WHAT IS EXPECTED>
Could you copy every record exactly, leaving the pictures behind?

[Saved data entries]
··········
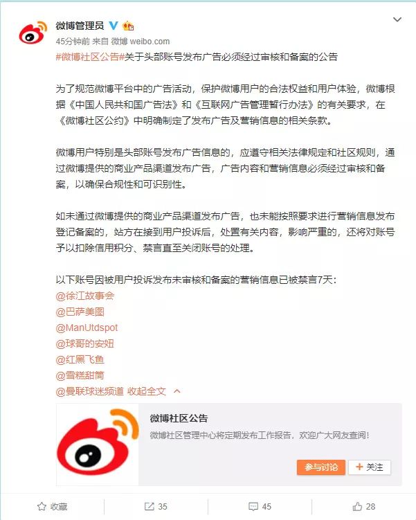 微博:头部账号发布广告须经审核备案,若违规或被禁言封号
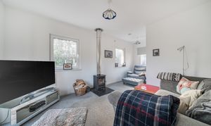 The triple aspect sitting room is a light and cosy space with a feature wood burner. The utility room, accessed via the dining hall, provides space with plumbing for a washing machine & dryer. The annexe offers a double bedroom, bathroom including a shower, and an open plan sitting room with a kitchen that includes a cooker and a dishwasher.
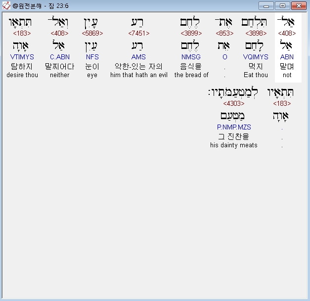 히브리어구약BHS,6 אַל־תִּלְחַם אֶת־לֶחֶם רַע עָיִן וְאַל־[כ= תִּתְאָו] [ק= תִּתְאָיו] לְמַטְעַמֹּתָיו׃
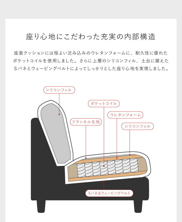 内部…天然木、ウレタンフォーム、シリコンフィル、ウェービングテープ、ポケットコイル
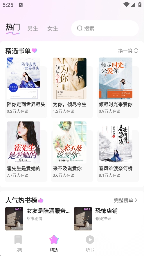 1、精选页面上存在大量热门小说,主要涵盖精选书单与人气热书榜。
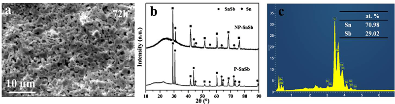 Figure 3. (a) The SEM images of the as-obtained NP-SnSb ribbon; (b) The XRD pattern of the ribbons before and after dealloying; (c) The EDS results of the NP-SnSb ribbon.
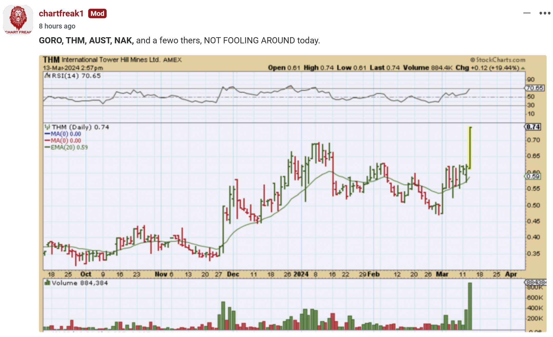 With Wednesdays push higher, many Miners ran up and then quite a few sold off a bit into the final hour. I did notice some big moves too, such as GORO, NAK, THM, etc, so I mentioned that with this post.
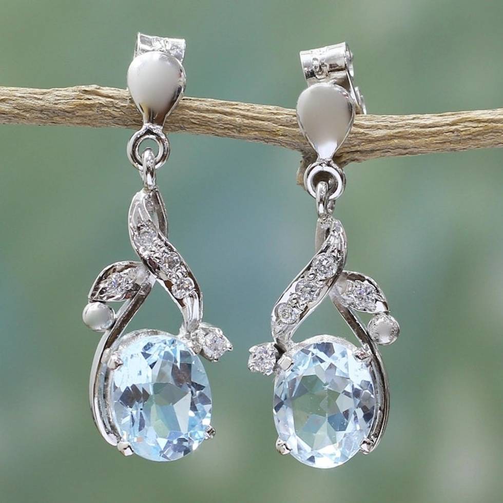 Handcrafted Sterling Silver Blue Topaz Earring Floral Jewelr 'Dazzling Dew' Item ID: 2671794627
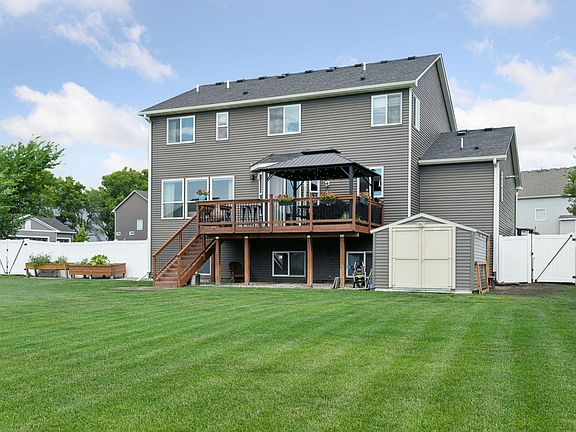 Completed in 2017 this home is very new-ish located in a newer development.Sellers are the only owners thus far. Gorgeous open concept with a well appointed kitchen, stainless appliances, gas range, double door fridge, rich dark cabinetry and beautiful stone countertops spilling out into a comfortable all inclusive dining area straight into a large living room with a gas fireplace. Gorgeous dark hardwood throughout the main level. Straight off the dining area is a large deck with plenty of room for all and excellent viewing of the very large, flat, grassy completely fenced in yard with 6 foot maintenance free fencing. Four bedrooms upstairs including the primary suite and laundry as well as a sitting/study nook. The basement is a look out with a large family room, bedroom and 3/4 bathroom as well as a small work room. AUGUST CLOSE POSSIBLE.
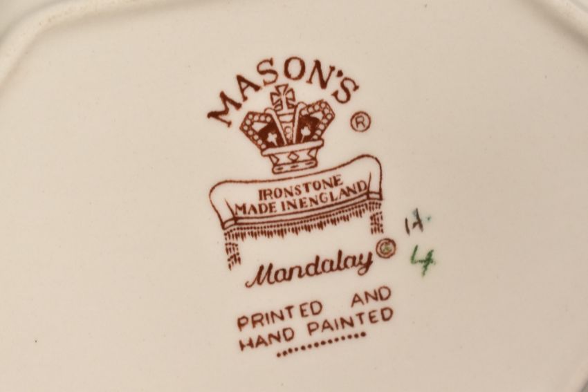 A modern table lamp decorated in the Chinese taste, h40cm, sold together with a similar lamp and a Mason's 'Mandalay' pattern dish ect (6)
··········
FINISHED TASK>
 微博:头部账号发布广告须经审核备案,若违规或被禁言封号
 The triple aspect sitting room is a light and cosy space with a feature wood burner. The utility room, accessed via the dining hall, provides space with plumbing for a washing machine & dryer. The annexe offers a double bedroom, bathroom including a shower, and an open plan sitting room with a kitchen that includes a cooker and a dishwasher.
 히브리어구약BHS,6 אַל־תִּלְחַם אֶת־לֶחֶם רַע עָיִן וְאַל־[כ= תִּתְאָו] [ק= תִּתְאָיו] לְמַטְעַמֹּתָיו׃
 内部…天然木、ウレタンフォーム、シリコンフィル、ウェービングテープ、ポケットコイル
 1、精选页面上存在大量热门小说,主要涵盖精选书单与人气热书榜。
 Figure 3. (a) The SEM images of the as-obtained NP-SnSb ribbon; (b) The XRD pattern of the ribbons before and after dealloying; (c) The EDS results of the NP-SnSb ribbon.
 With Wednesdays push higher, many Miners ran up and then quite a few sold off a bit into the final hour. I did notice some big moves too, such as GORO, NAK, THM, etc, so I mentioned that with this post.
 Handcrafted Sterling Silver Blue Topaz Earring Floral Jewelr 'Dazzling Dew' Item ID: 2671794627
 Completed in 2017 this home is very new-ish located in a newer development.Sellers are the only owners thus far. Gorgeous open concept with a well appointed kitchen, stainless appliances, gas range, double door fridge, rich dark cabinetry and beautiful stone countertops spilling out into a comfortable all inclusive dining area straight into a large living room with a gas fireplace. Gorgeous dark hardwood throughout the main level. Straight off the dining area is a large deck with plenty of room for all and excellent viewing of the very large, flat, grassy completely fenced in yard with 6 foot maintenance free fencing. Four bedrooms upstairs including the primary suite and laundry as well as a sitting/study nook. The basement is a look out with a large family room, bedroom and 3/4 bathroom as well as a small work room. AUGUST CLOSE POSSIBLE.
 A modern table lamp decorated in the Chinese taste, h40cm, sold together with a similar lamp and a Mason's 'Mandalay' pattern dish ect (6)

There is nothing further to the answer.